Julia to Silvia’s portrait: Proteus is going to LOVE you, not at ALL creepily (4.4.183-191) #2Dudes1Dog #SlowShakespeare

JULIA  Come, shadow, come, and take this shadow up,

For ’tis thy rival. O, thou senseless form,

Thou shalt be worshipped, kissed, loved, and adored!

And were there sense in his idolatry

My substance should be statue in thy stead.

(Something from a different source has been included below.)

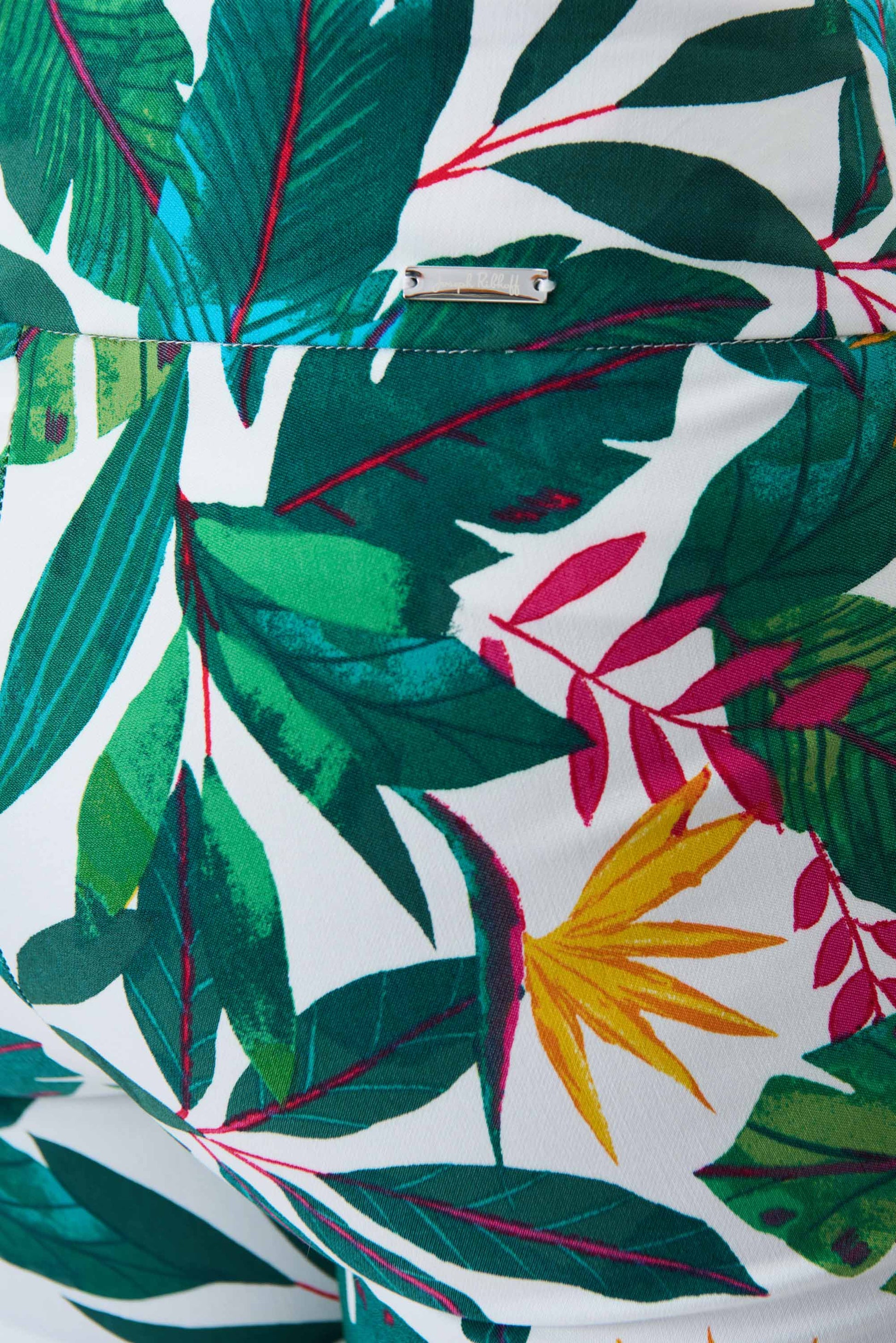 Pantalón para dama con estampado de hojas en tonalidades verdes, con cintura elástica y sin cremallera, ligeramente recortado a la bastilla.

I’ll use thee kindly, for thy mistress’ sake,

That used me so; or else, by Jove, I vow,

I should have scratched out your unseeing eyes,

To make my master out of love with thee.

[Exit]   (4.4.183-191)

 

And so Julia prepares to take the picture—not a miniature, from the way she’s talking about it—to the faithless Proteus. Come, shadow—she herself is a shadow, not herself, and an actor playing a part, a pale imitation of her true identity—and take this shadow, the painting, up, for ’tis thy rival. This is the competition alright. O, thou senseless form—she addresses the picture—thou shalt be worshipped, kissed, loved, and adored! He’s going to LOVE you, in every possible sense! He’s going to treat you as a goddess and bow down before you! And were there sense in his idolatry—if he weren’t being a total fool in treating you like that, if he had a better idea of what love actually is, or could be—my substance should be statue in thy stead. He’d be offering his devotion to me, my actual self, not an imitation, but the real thing. (Pathetic, deluded man.) (But she knows that she’s still deluded too; she still loves Proteus.) Whatever, I’ll use thee kindly, for thy mistress’ sake, that used me so—I’m not going to take my feelings out on Silvia’s picture, no matter how much I envy it, because Silvia was kind, both to ‘Sebastian’ and to the (as she thought) absent Julia. Or else, by Jove, I vow, I should have scratched out your unseeing eyes to make my master out of love with thee. I’d have defaced this wretched picture! Not that it’d do any good…

And that’s the end of the scene, and the fourth act. Valentine is in exile with the bandits, Silvia is planning to run away, Proteus is being a creepy mad stalker, and Julia is in disguise, far from home, abandoned and forlorn. Crab, one assumes, is magnificently unconcerned.